__WHAT IS BEING ASKED__.
Reproduce the following data exactly, minus any images.

__INFORMATION PROVIDED__.

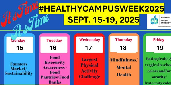 Healthy Campus Week allows campuses across the country to engage their students in healthy activities and wellbeing education (9/15-9/19 #HealthyCampusWeek2025). See videos of daily activities.
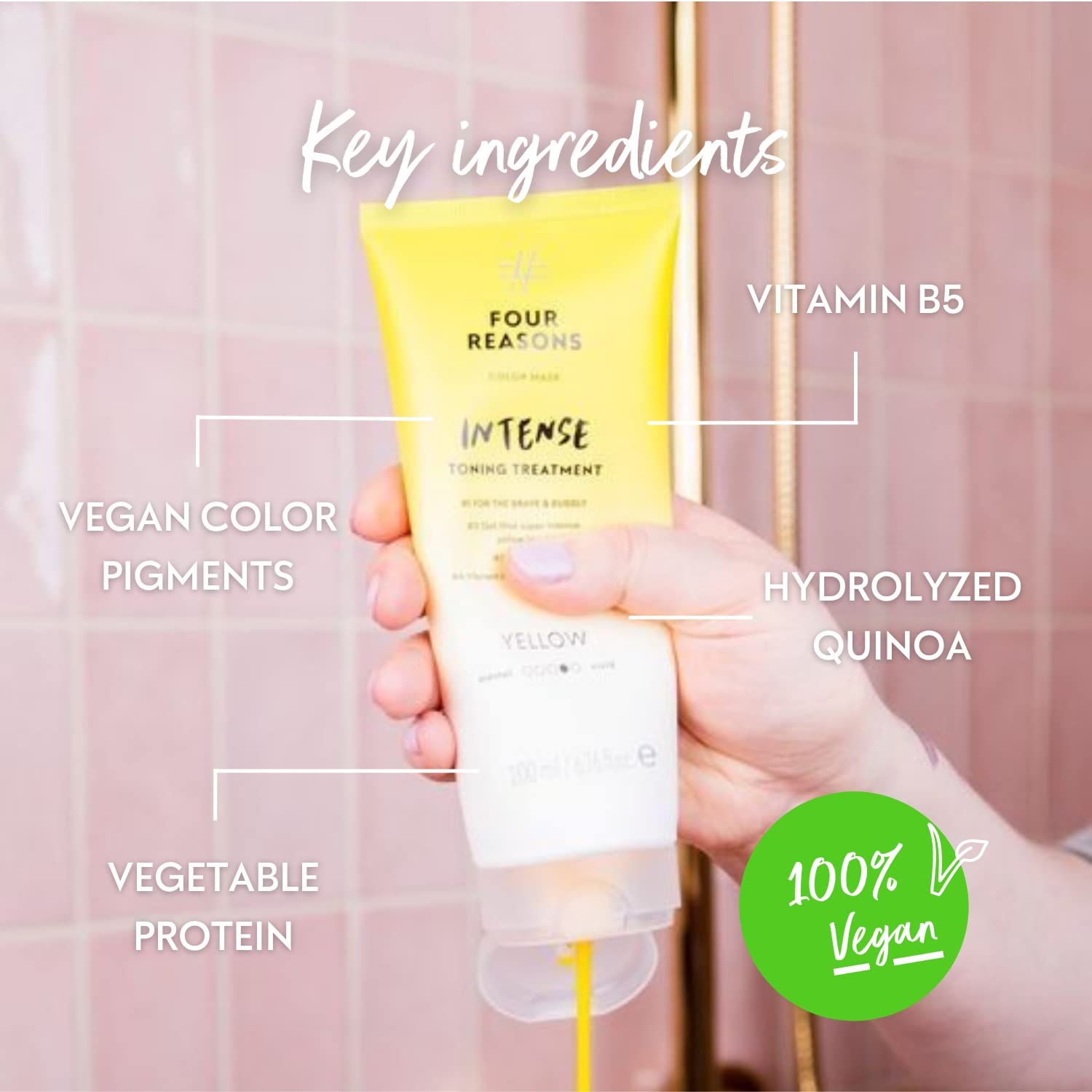 FOUR REASONS Color Mask INTENSE- Yellow – (27 Colors) Intensive Toning Treatment - Color Depositing Conditioner – Semi Permanent Hair Dye for Lightened and Colored Hair– 100% Vegan, 6.76 fl oz
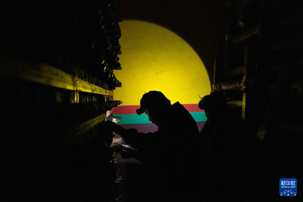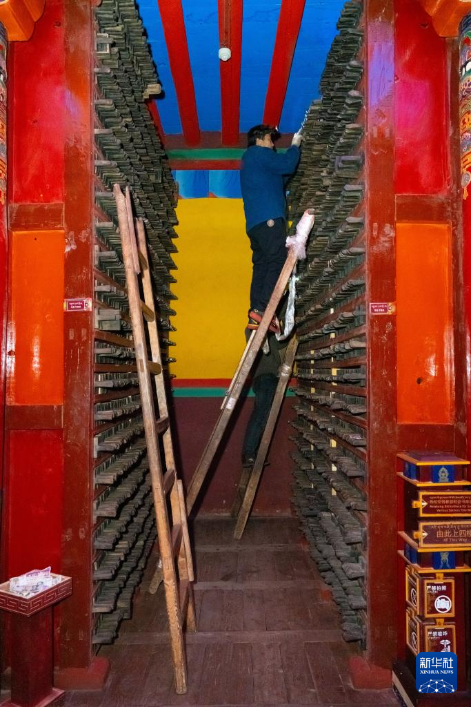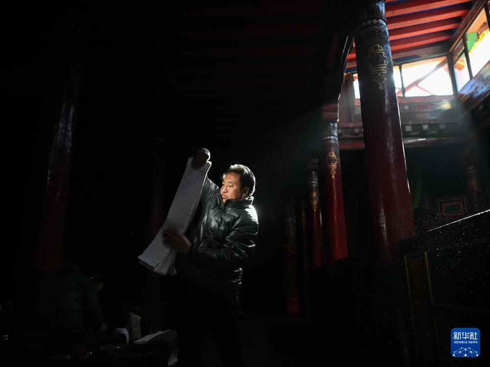 11月2日,德格印經院的工人在晾剛印完的印刷品。

__ANSWER TO THE PROBLEM__.
 Healthy Campus Week allows campuses across the country to engage their students in healthy activities and wellbeing education (9/15-9/19 #HealthyCampusWeek2025). See videos of daily activities.
 FOUR REASONS Color Mask INTENSE- Yellow – (27 Colors) Intensive Toning Treatment - Color Depositing Conditioner – Semi Permanent Hair Dye for Lightened and Colored Hair– 100% Vegan, 6.76 fl oz
 11月2日,德格印經院的工人在晾剛印完的印刷品。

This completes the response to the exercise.